How do you integrate $\int_{0}^{\frac{\pi}{4}} \sec^4(x) \d x$?

Yuk.

Let me say that again for good measure: yuk.

That’s going to need a trigonometric identity and, I think, a substitution. But that’s ok: we can do that. Let’s roll up our sleeves.

### Step 1: get rid of some $\sec^2(x)$s

Very famous trig identity: $\sec^2(x) \equiv 1 + \tan^2(x)$. (You can remember which way round it goes, because $\sec(0)=1$ and $\tan(0)=0$). If we split $\sec^4(x)$ up as $\sec^2(x) \cdot \sec^2(x)$, we can turn the integral into: $\int_0^{\frac{\pi}{4}} \sec^2(x) \left[ 1 + \tan^2(x) \right] \d x$ This expands into: $\int_0^{\frac{\pi}{4}} \sec^2(x) + \sec^2(x)\tan^2(x) \d x$

### Step 1.5: Deal with the first term

The first half of the integral is almost trivial - it’s just going to be $\left[ \tan(x) \right]_0^{\frac{\pi}{4}} = (1) - (0) = 1$.

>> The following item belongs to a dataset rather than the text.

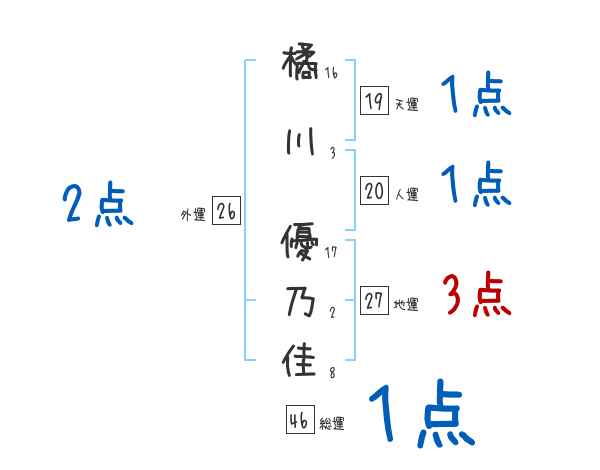 橘川優乃佳さんの画数の鑑定結果

That leaves us with: $1 + \int_0^{\frac{\pi}{4}} \sec^2(x) \tan^2(x) \d x$

### Step 2: make a substitution

Since we know $\sec^2(x)$ is the derivative of $\tan(x)$, it makes sense to pick a substitution like $u = \tan(x)$.

Taking it slowly, start by replacing the $\d x$: you know that $\diff u x = \sec^2(x)$, so $\d x = \frac {1}{\sec^2(x)} \d u$ (one of the rare times you’ll see me write that horror-show of a fraction).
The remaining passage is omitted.